Disney is planning to re-launch the MUPPETS with new TV specials and series. Disney also expects to expand and enhance the global licensing and home video initiatives based on this new production for the Classic Muppets, the infant/preschool property MUPPET BABIES and BEAR IN THE BIG BLUE HOUSE.

Jim Henson Co., which was purchased by the Henson family in July 2003 from the German media company EM.TV, will retain all other assets of the company including Jim Henson's Creature Shop and ownership and rights to all other characters and entertainment properties in Jim Henson Co.'s extensive film and television library, including FRAGGLE ROCK, FARSCAPE, DARK CRYSTAL, LABYRINTH, STORYTELLER, THE HOOBS and various other properties.

Disney had agreed to buy Henson Co. more than a decade ago, but negotiations stopped when Jim Henson died in May 1990. EM-TV bought the Henson Co. in March 2000 for $680 million, then sold it back to Henson for $78 million.

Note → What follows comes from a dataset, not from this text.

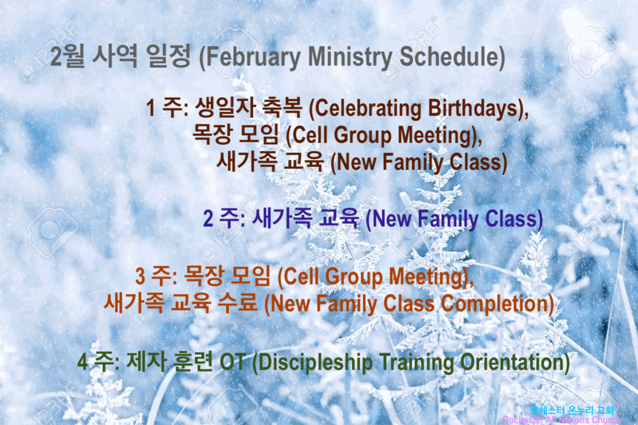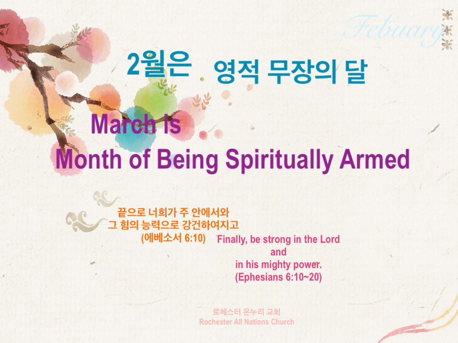 2023 2월은 영적무장의 달 Publish on February 24,2023 | 온누리교회 페이지 정보 작성자 온누리교회 댓글 0건 조회 2,046회 작성일 23-02-24 18:52 목록 본문 2023 2월은 영적무장의 달 이전글2023 3월은 영적도전의 달 23.03.11 다음글2023 1월은 영적 결심의 달 23.01.03 댓글 0 댓글목록 등록된 댓글이 없습니다. 목록

"We think the Muppets characters are evergreen characters that have a broad family appeal," Peter Murphy, Disney's chief strategic officer, told VARIETY. "We will look aggressively at developing new programming featuring both the Muppets in their classic presentation and perhaps in a new form that could include 3D (computer-generated imaging). This could be in a TV movie, a TV series or a feature film."

Lisa Henson noted the Henson Co. has already done some CGI tests on the MUPPET BABIES characters. Disney is aware of the tests but hasn't yet seen the work, she said. "There are a lot of cool possibilities, and bringing the Muppets into new technologies is one of the interesting new possibilities," Henson said.